●2014年日本経済の注目業界③「スーパー業界」
上記のように「駆け込み需要」と「外国人客の増加」というポジティブ要因が予想される百貨店業界に対し、スーパー業界は2014年も苦戦が続きそうです。洋泉社は、現在アベノミクスを背景に、高額商品の販売好調が注目を集めているものの、税金や社会保険料の負担増により多くの世帯で可処分所得が減少傾向にあるため、大半の消費者の節約志向が依然強いとした上で、消費税増税がさらに厳しい状況に拍車をかけるのではないかと危惧しています。日経BP社も、食品をメインに扱う食品スーパーは地域密着で消費者の支持を受けていることから安定した収益を上げているものの、食品・日用品・衣料品など生活関連用品を一手に扱う総合スーパーは、日用品や衣料品の分野で100円ショップやユニクロなどの専門店との競争激化で劣勢にある、と述べています。
2014年はこれらの厳しい消費環境を受け、スーパー大手各社が様々な業績改善のための策を講じていく1年になりそうです。イオンは手ごろな消費価格のプライベートブランド商品の一層の強化を進めており、倹約志向の消費者に対して格安商品によるアピールを積極化しています。西友も「毎日低価格」を方針として、親会社である米ウォルマートストアーズのグローバルな商品調達力を生かして、輸入製品の品ぞろえを強化しています。セブン&アイ傘下のイトーヨーカ堂も付加価値を高めたプライベートブランドに注力し、衣料メーカーなどへの対抗を図っています。また他業種との融合や業界転換の試みも見られていくと予想されています。
日経BP社は「海外の進出の活発化」にも触れています。特に大手のイオンやマルエツは東南アジアなどの新興国への出店が相次ぐと予想されており、今後も各社の進出の動向に注目していく必要があります。
●2014年日本経済の注目業界④「食品業界」
洋泉社は「増税による原価の上昇分をそのまま価格転嫁出来るかどうかの不透明感」、日経BP社は「業界再編の動きの再加熱の可能性」にそれぞれ着目しています。
まず前者については、2013年は原料価格の上昇を背景に食品の値上げが相次いだことと、消費の緩やかな回復が重なったことで今年は好調な業績を見込む食品メーカーが多いとした上で、その収益の拡大は今後続くかどうかは定かではないとの予想を述べています。2014年4月の消費税引き上げに際して、増税分をそのまま価格転嫁できるかどうかは不透明であり、店頭価格を引き上げにくい小売と食品メーカーとの間で納入価格を巡って攻防が繰り広げられるのは確実だろうと同誌は述べています。2014年春以降は新商品の投入や内容量の変更などで値上げを図る動きが広がりそうです。

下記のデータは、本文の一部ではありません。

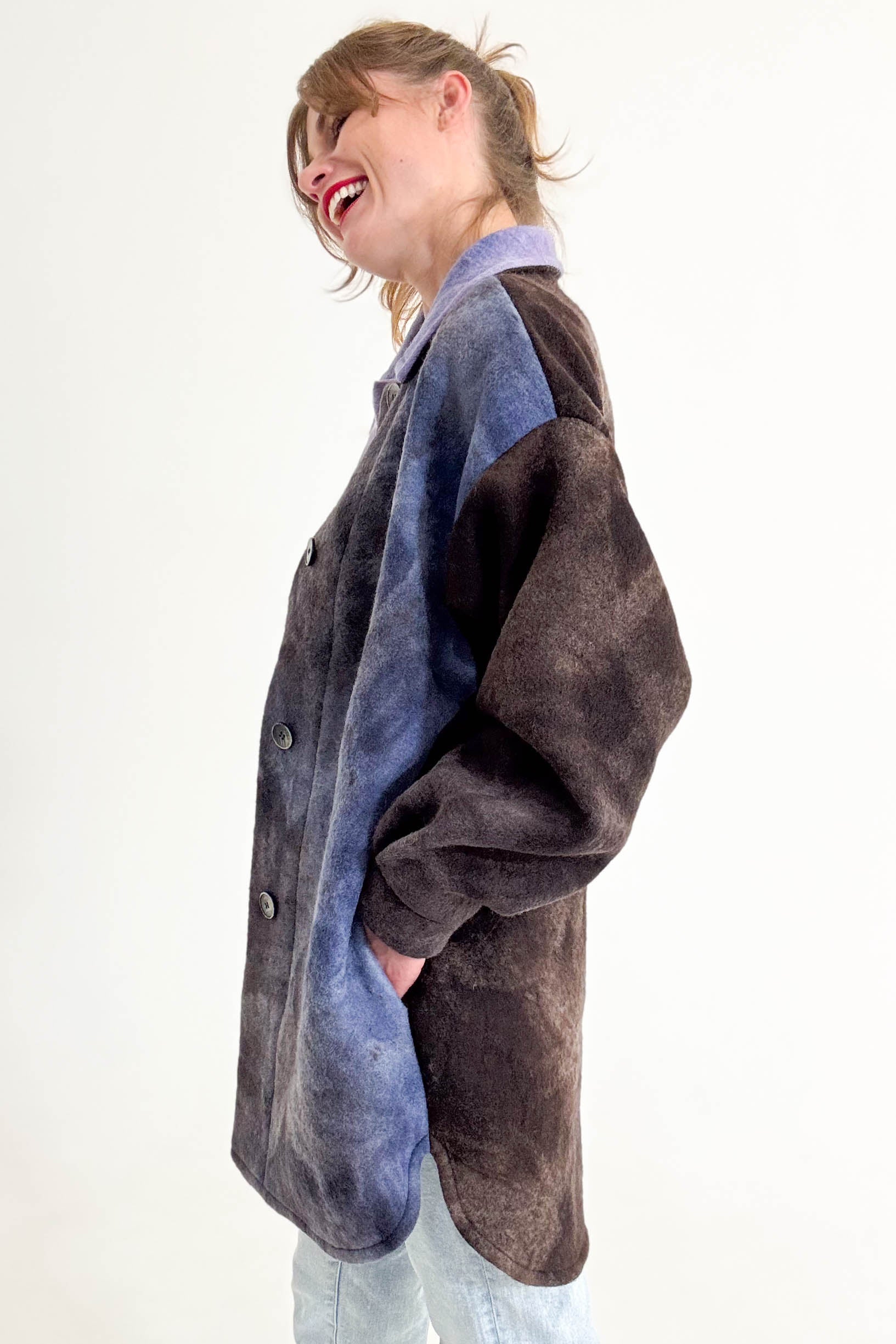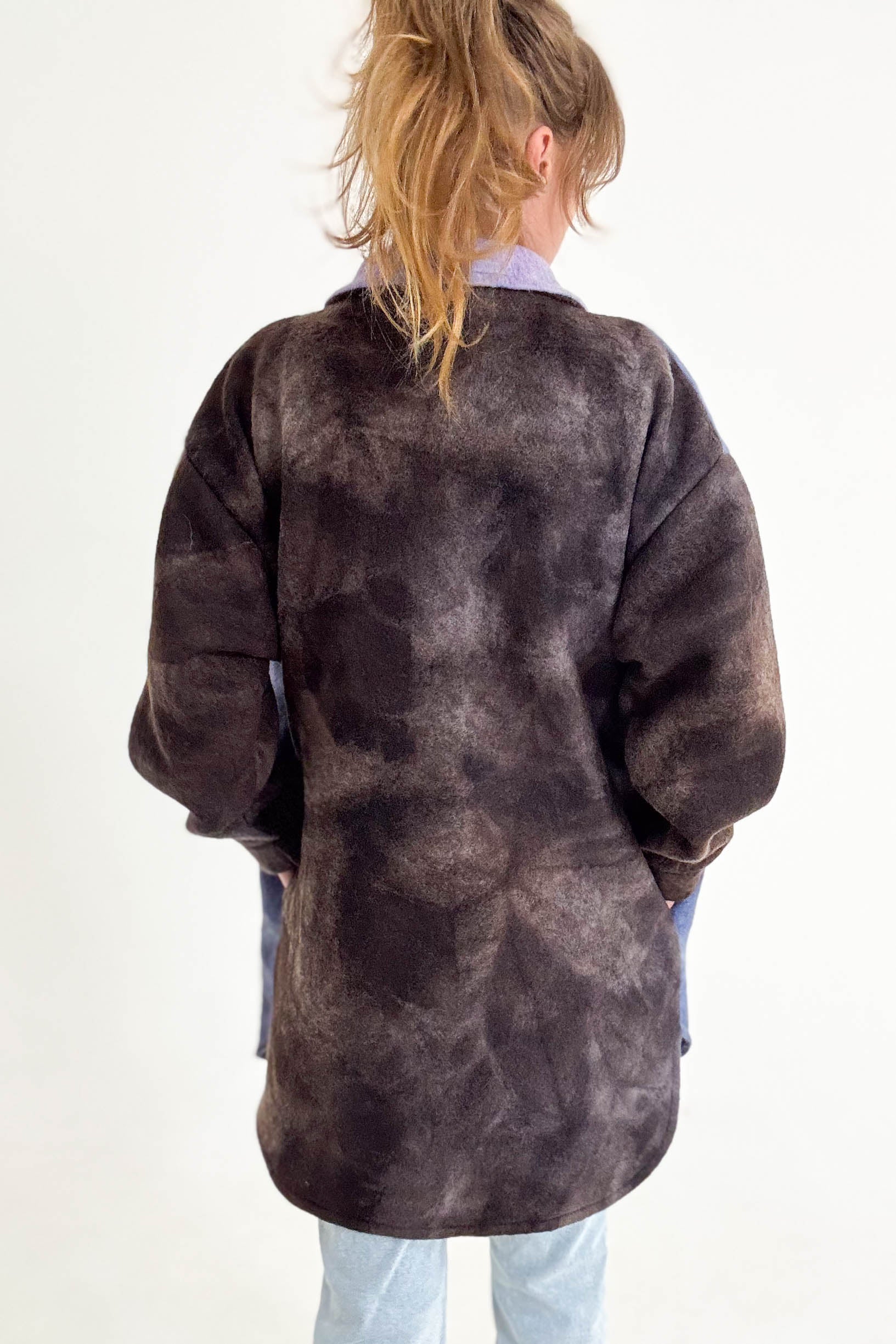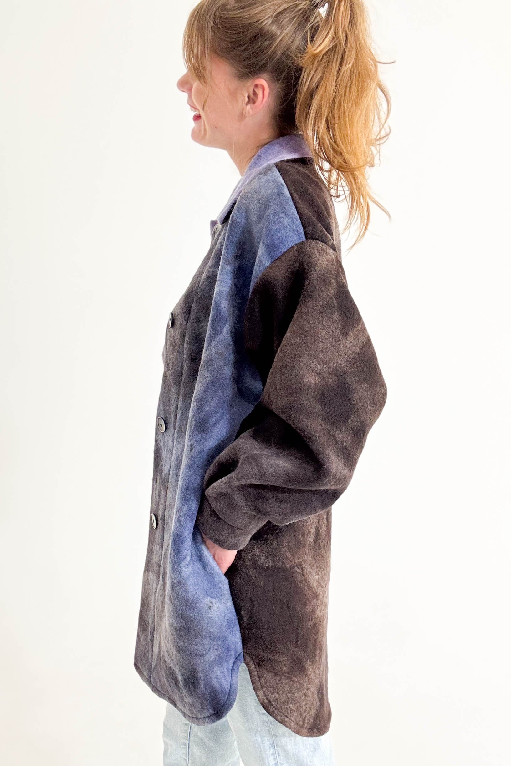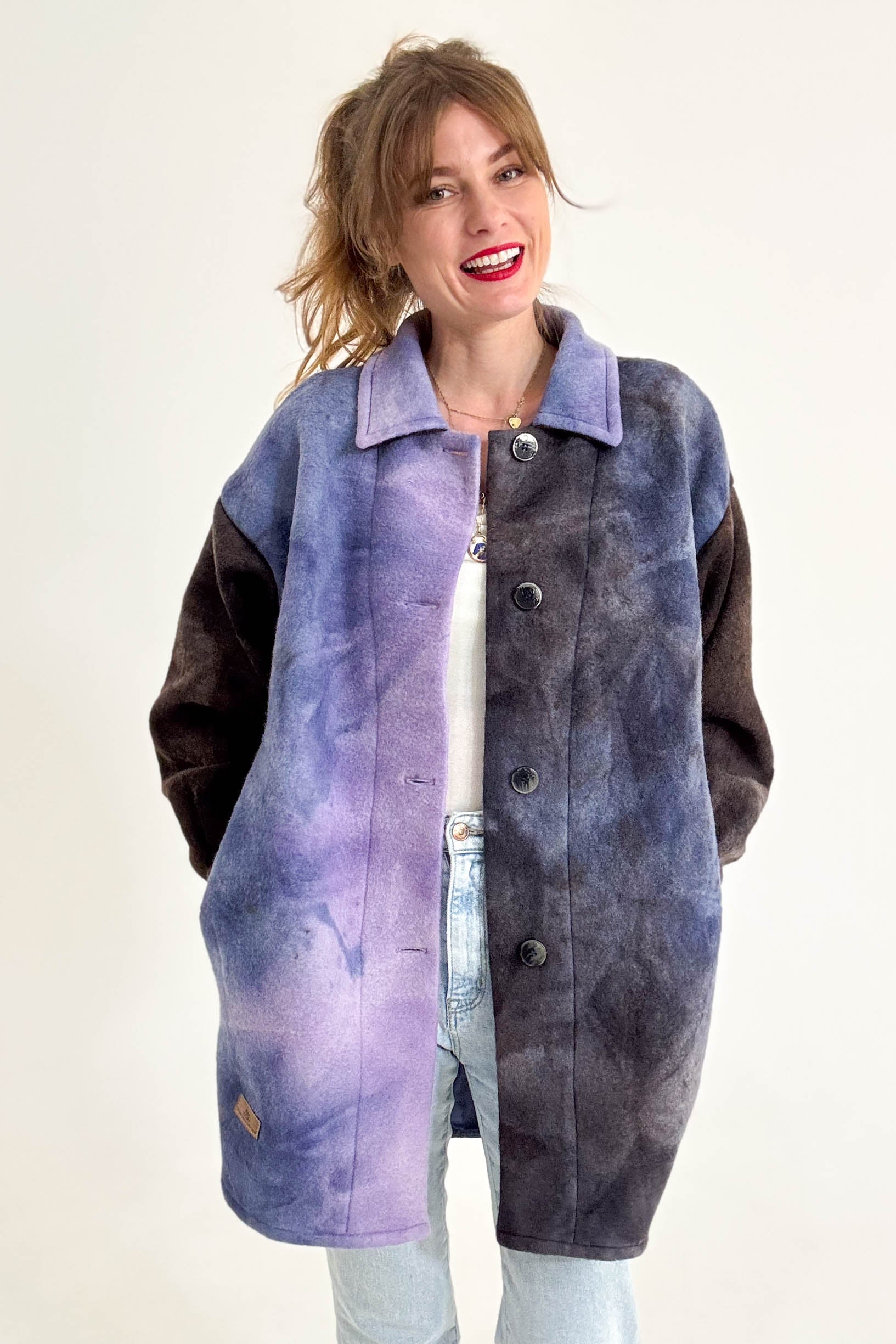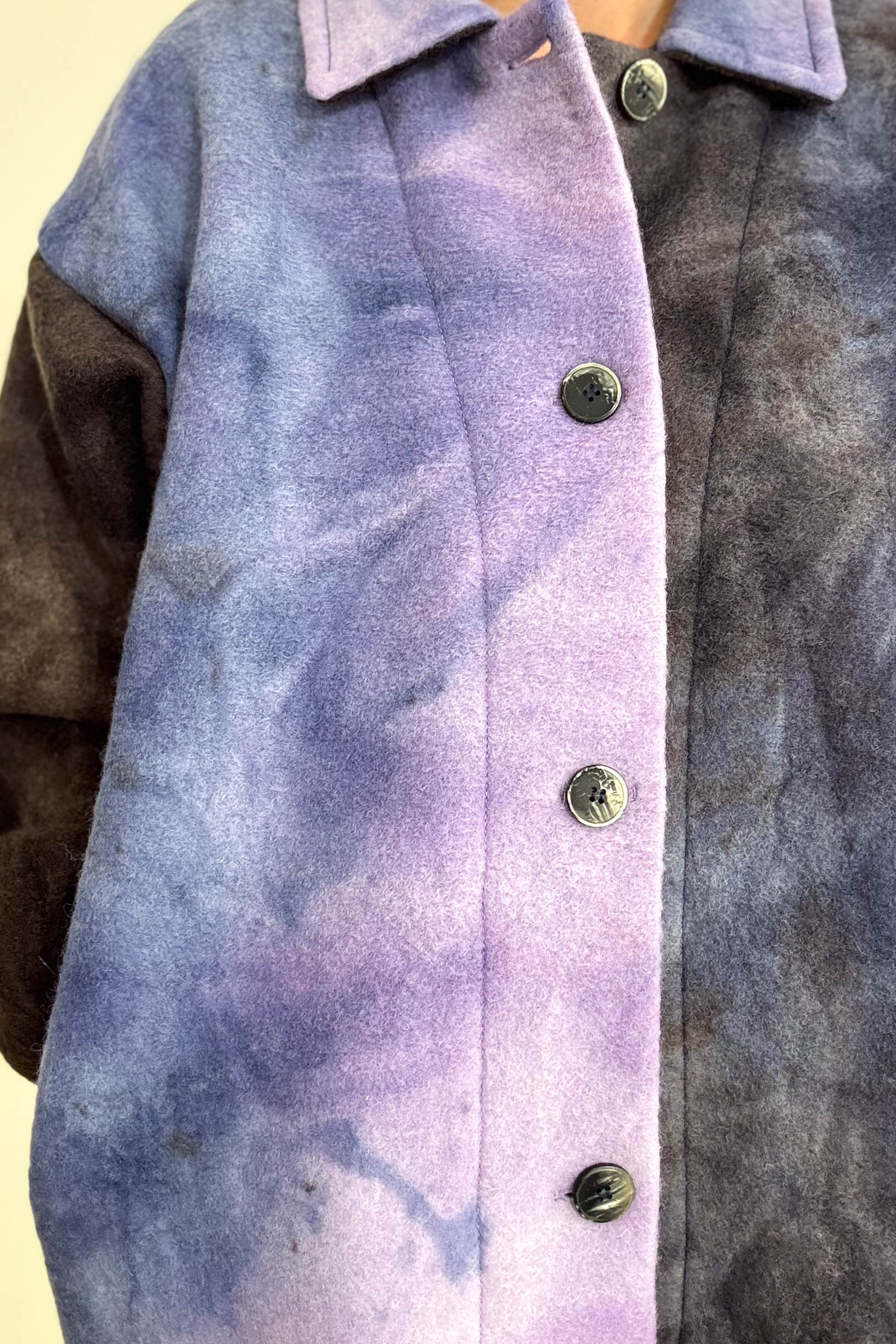 Shacket ÚNICO je kousek, který vás okamžitě zaujme svým originálním batikovaným přechodem v tónech hnědé, šedé, fialové a modré 🌌. Ušitý z kvalitní vlněné kabátoviny, nabídne hřejivost, styl a výjimečnost, kterou nikde jinde nenajdete. 🧥💫

原料価格の高騰が続く中で、増税分を転嫁出来なければ収益の悪化は避けられないでしょう。
また後者について。食品業界では他業界と同じく、2000年代に入ってM&Aなどによる事業統合が進み、明治HD、雪印メグミルクなどの新しい企業が生まれました。その後、リーマンショックでいったん再編の動きは沈静化したものの、アベノミクスの景気回復基調が本物となればまた業界再編の動きが活発化する可能性があります。このような再編の活発化の背景には、菓子などで国内の成長の頭打ちが顕著になる一方、中国やASEAN諸国などの成長中の市場の魅力が増していることがあります。今後はとりわけASEAN諸国の市場開拓が注目されていくとみ見られており、イスラム圏への進出の準備として食物規格のハラルを進めている国内企業も増えています。以前から日本初のグローバルメジャーを生み出す動きは活発化してきており、2014年の間に業界の構図が大きく変わる可能性もあることを念頭においておく必要がありそうです。